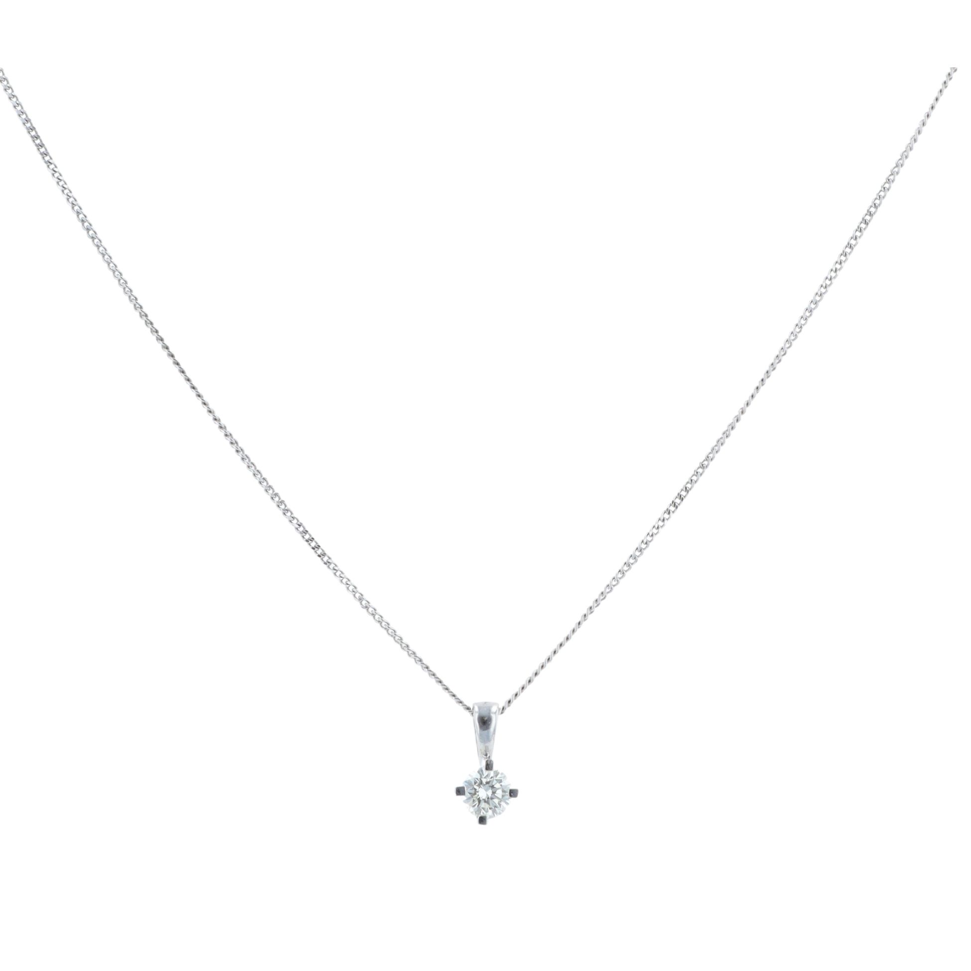 18ct White Gold 0.33ct Brilliant Cut Diamond Solitaire Pendant And Chain 16"
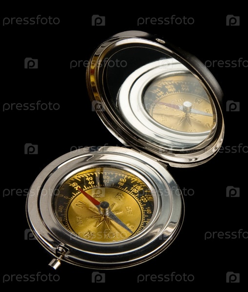 Золотой компас, изолированный на черном
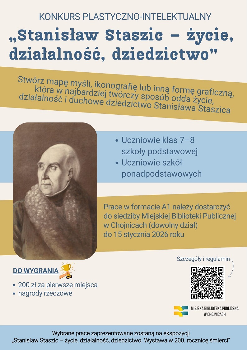 W 2026 roku przypada 200. rocznica śmierci Stanisława Staszica – jednej z najwybitniejszych postaci polskiego Oświecenia. Z tej okazji Miejska Biblioteka Publiczna w Chojnicach ogłasza konkurs plastyczno-intelektualny na mapę myśli, ikonografię lub inną formę graficzną, która w najbardziej twórczy sposób odda życie, działalność i duchowe dziedzictwo Stanisława Staszica. Na konkurs pod hasłem „Stanisław Staszic – życie, działalność, dziedzictwo” należy zgłosić prace oryginalne, inspirujące, ukazujące Staszica jako człowieka czynu, nauki i idei.
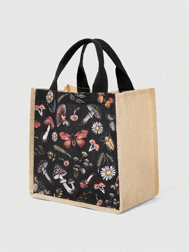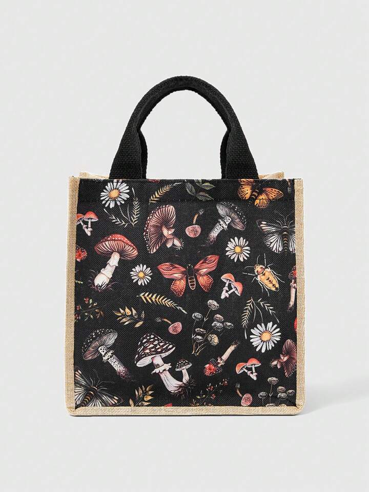 Fairycore Bolso de mano con estampado floral de setas y mariposas para mujer
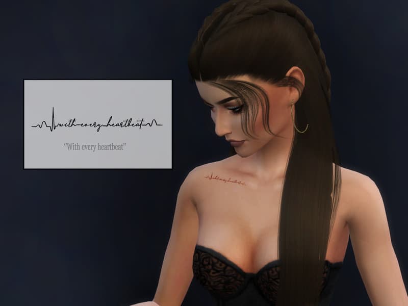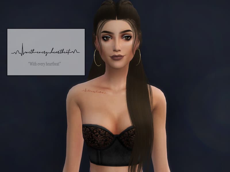 Our database contains only the highest quality Sims 4 mods that meet the most stringent requirements, like Collarbone ”With every heartbeat” tattoo Sims 4 Mod. This guarantees that our visitors have access to the most exclusive and useful files.
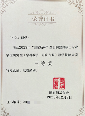 本次比赛共有来自华中师范大学、山东师范大学、上海师范大学等全国75所院校的188名选手入围决赛。决赛赛程分为:现场抽题、限时备课、授课答辩三个环节。经过激烈角逐,在刘爱华副院长和乌晓晔副教授的精心指导下,BEAT365官网2022级学科教学(思政)专业硕士研究生何沅获得三等奖。
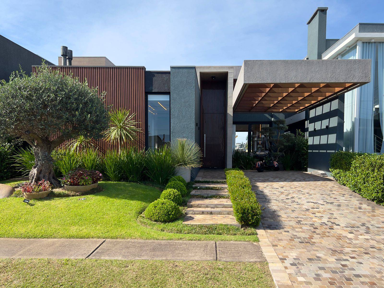 Casa beira lago no Condomínio Capão Ilhas Resort, condomínio com infraestrutura de lazer e segurança diferenciado e com acesso a belíssima lagoa dos quadros, linda casa recentemente construída, com arquitetura moderna, cores atuais e esquadrias em PVC, composto por 03 suítes, lavabo, living integrado em 3 ambientes com lareira, cozinha americana, churrasqueira, ampla área de serviço, abrigo para 02 carros, casa com alto padrão construtivo, esquadrias em PVC, piso porcelanato, 100% rebaixo em gesso, porcelanas e metais classe A, esperas para água quente e ar condicionado Split.
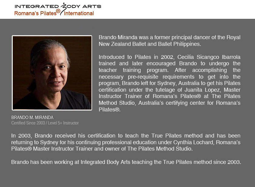 | 5 | Brando Miranda | Makati City | 2003 | February 2024 - Manila, Philippines | www.ibapilates.com |
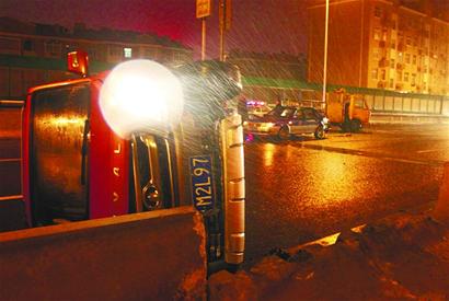 記者在現(xiàn)場采訪時,發(fā)現(xiàn)離事發(fā)地不足10米處,還有一輛長城車側(cè)翻在快速路上?!爱?dāng)時這輛越野車發(fā)生事故后,這輛出租車就停在路口看熱鬧,也沒打開雙閃?!蹦繐粽吒嬖V記者,結(jié)果這輛出租車停下不久,后面就駛來一輛長城兩廂轎車,因為雨天視線受阻,再加上路面濕滑,這輛長城轎車在離出租車10米遠的地方才發(fā)現(xiàn)前方停著一輛車,急打方向已經(jīng)來不及,一頭撞在出租車的左后側(cè),失去平衡后,這輛長城轎車發(fā)生了側(cè)翻。
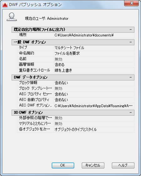 図面を保存したときや閉じたときに自動的に PDF 形式(または DWF、DWFx)にパブリッシュされるように指定できます。自動パブリッシュ設定では、モデルやレイアウトを含めるかどうかや、複数シート ファイルまたは単一シート ファイルのいずれをパブリッシュするかも指定できます
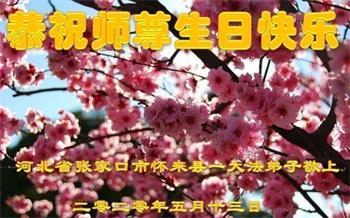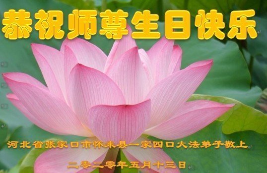 【明慧网二零二零年五月十三日】 河北省张家口市怀来县大法弟子恭祝师尊生日快乐!

:::

-- Problem statement --
Each line from the start of the entries above through the line with "本次比赛共有来自华中师范大学" should be duplicated exactly, leaving out the pictures.

-- Response below --
 18ct White Gold 0.33ct Brilliant Cut Diamond Solitaire Pendant And Chain 16"
 Золотой компас, изолированный на черном
 W 2026 roku przypada 200. rocznica śmierci Stanisława Staszica – jednej z najwybitniejszych postaci polskiego Oświecenia. Z tej okazji Miejska Biblioteka Publiczna w Chojnicach ogłasza konkurs plastyczno-intelektualny na mapę myśli, ikonografię lub inną formę graficzną, która w najbardziej twórczy sposób odda życie, działalność i duchowe dziedzictwo Stanisława Staszica. Na konkurs pod hasłem „Stanisław Staszic – życie, działalność, dziedzictwo” należy zgłosić prace oryginalne, inspirujące, ukazujące Staszica jako człowieka czynu, nauki i idei.
 Fairycore Bolso de mano con estampado floral de setas y mariposas para mujer
 Our database contains only the highest quality Sims 4 mods that meet the most stringent requirements, like Collarbone ”With every heartbeat” tattoo Sims 4 Mod. This guarantees that our visitors have access to the most exclusive and useful files.
 本次比赛共有来自华中师范大学、山东师范大学、上海师范大学等全国75所院校的188名选手入围决赛。决赛赛程分为:现场抽题、限时备课、授课答辩三个环节。经过激烈角逐,在刘爱华副院长和乌晓晔副教授的精心指导下,BEAT365官网2022级学科教学(思政)专业硕士研究生何沅获得三等奖。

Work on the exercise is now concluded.